The great German-Swiss psychiatrist and philosopher Karl Jaspers (1883-1969) spoke of “axial ages,” those periods when the old gods have left the stage but the new gods have not yet appeared.
It’s a “liminal” period that Jaspers described as “an interregnum between two ages of great empire.” How insightful Rod Serling was in his ’60s television series “The Twilight Zone.” He said his stories reflected a “middle ground between light and shadow, between science and superstition.”
The late great Honduran philosophical essayist and fabulist, Augusto Monterroso (has a wonderful fable called “El Chamaleón que finalmente no sabía de qué color ponerse” (The chameleon who finally didn’t know what color to become”).
The story says that the fox taught all the people of the forest that they could counteract the chameleon’s changing definitions of reality by carrying a purse of different-colored glass lenses on their persons. When the chameleon faked a new color, they simply put the appropriate crystal before their eyes and saw his original purple or blue.

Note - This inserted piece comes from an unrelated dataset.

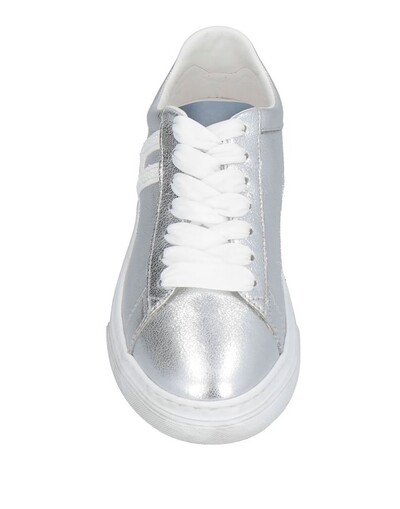 Кожа, эффект ламинирования, логотип бренда, бусины, одноцветное изделие с аппликациями, кожаная подкладка, шнуровка, скругленный носок, плоская поверхность, резиновая подошва с тиснением, содержит нетекстильные части животного происхождения, низкие кеды и кроссовки

The system became daunting, Monterroso says, when the chameleon projected more complex realities of gray or blue green. Now everybody had to use three, four, and even five crystals to see things straight. But when the chameleon realized that everybody had caught onto his system, he decided to adopt it himself.
“Then it became a situation,” Monterroso says, “of seeing everybody on the street taking out and switching crystals when somebody changed colors according to the political climate or to the prevailing political opinions of that day of the week, or even of the hour of day and night.”
In other areas of our lives, political ideology long ago challenged the laws of Physics and Thought but Physics just moseys on with the truth as the Atlantic Ocean oozes up onto the streets of Miami Beach, creating an American Venice in people’s living rooms.